The story ends with a note that Hildred died in an asylum for the criminally insane.

=="Anti-story" nature of the work==
Chambers produced in this piece an early version of what has since become called the "anti-story". This is a type of fiction writing where one (or more) of the fundamental rules of short story telling is broken in some way, often resulting in what most readers would consider "experimental literature". In the case of "The Repairer of Reputations", Chambers all but invites the reader to doubt every single detail the unreliable narrator relates. Chambers breaks the basic contract between author and reader by refusing to relate something that is both interesting and truthful (even given the "suspension of disbelief" required of fiction). He makes this clear at a point in the story when Hildred dons his diadem and describes it as being made of "heavy beaten gold" only to have Louis call it a "brass crown" shortly afterwards; likewise, what Hildred calls a "steel safe" is seen by Louis to be a "biscuit box".

==Characters==
- Hildred Castaigne: The protagonist and narrator of the story, Hildred's character is much changed after sustaining a head injury and reading The King in Yellow during his convalescence. Hildred spends much of his time poring over old books; he never mentions work and appears to be independently wealthy. Hildred is a classic example of an unreliable narrator, as he often comments that other people appear to be humouring him or treating things he regards as very important as inconsequential or non-existent.

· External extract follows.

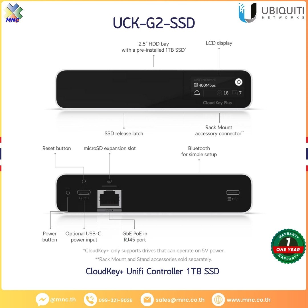 Network and Protect Controller กับ 1 TB HDD ใช้งานสำหรับ เป็นที่เก็บข้อมูล วีดิโอ สามารถอัพเดทสูงสุดได้ที่ 5 TB. จัดการเครือข่าย UniFi และอุปกรณ์วิดีโอของคุณ พร้อมกันด้วย UniFi Cloud Key G2 Plus แบบ Multi-application ใหม่ ออกแบบมาเพื่อ การปรับใช้ง่าย UCK-G2-Plus สามารถกำหนดค่าได้ อย่างรวดเร็ว ผ่านบลูทูธ โดยใช้แอพพลิเคชั่นบนมือถือ UniFi Cloudkey Gen2 Plus มีจอแสดงผลด้านหน้า แสดงสถิติระบบที่สำคัญสำหรับฮาร์ดแวร์ เครือข่ายของ UniFi และ กล้องวิดีโอ UniFi Protect แบตเตอรี่ในตัว ช่วยป้องกันการสูญเสียพลังงาน สำหรับที่เก็บข้อมูลวิดีโอนั้น ยังมี HDD 1 TB ซึ่งสามารถอัปเกรดเป็น 5 TB

- Louis Castaigne: Hildred's cousin and a military officer, Louis does not share his cousin's intellectualism or ambition, and is mainly focused on his love for Hawberk's daughter, Constance. Louis is horrified to find that Hildred has been reading The King in Yellow, but appears to make an effort to humour Hildred's eccentricities and strange behaviour.

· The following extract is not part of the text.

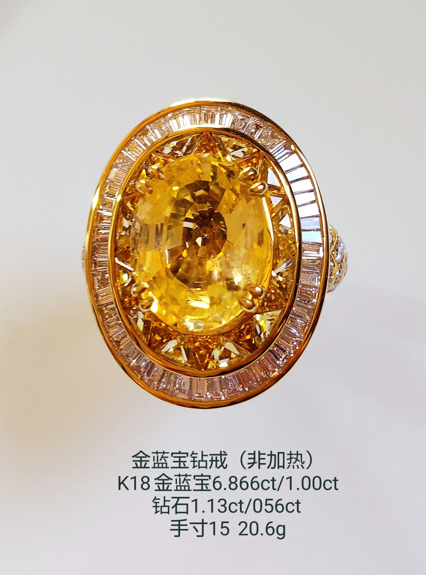 34,金蓝宝钻戒(非加热)    K18    金蓝宝6.866ct/1.00ct    钻石1.13ct/056ct    手寸15    20.6g

- Hawberk: An armourer, Hawberk fashions and repairs antique bits of armour in a little shop below Mr. Wilde's. Castaigne and Mr. Wilde both believe that Hawberk is secretly the exiled Marquis of Avonshire (a fictional shire in England). Hawberk is noticeably shaken when Castaigne obliquely implies this in conversation. Hawberk's name comes from the word "hauberk", meaning a shirt of mail.
- Constance Hawberk: Hawberk's daughter, a beautiful girl engaged to Louis Castaigne.
- Mr. Wilde: A bizarre and eccentric character, Mr. Wilde lives in a dingy office above Hawberk's shop, where his door advertises him as a "Repairer of Reputations". Mr. Wilde is deformed (possibly microcephalic) and mutilated, having lost his ears and several fingers. He keeps a vicious feral cat which he habitually provokes into attacking him. Although his sanity is questionable, the narrator treats Wilde as a genius who is a living library of valuable information, and believes he holds powerful men under his sway.

==Critical reception==
David G. Hartwell described "The Repairer of Reputations" as "an extraordinary achievement" and "a horrific tale that is also a sophisticated, avant-garde work of science fiction".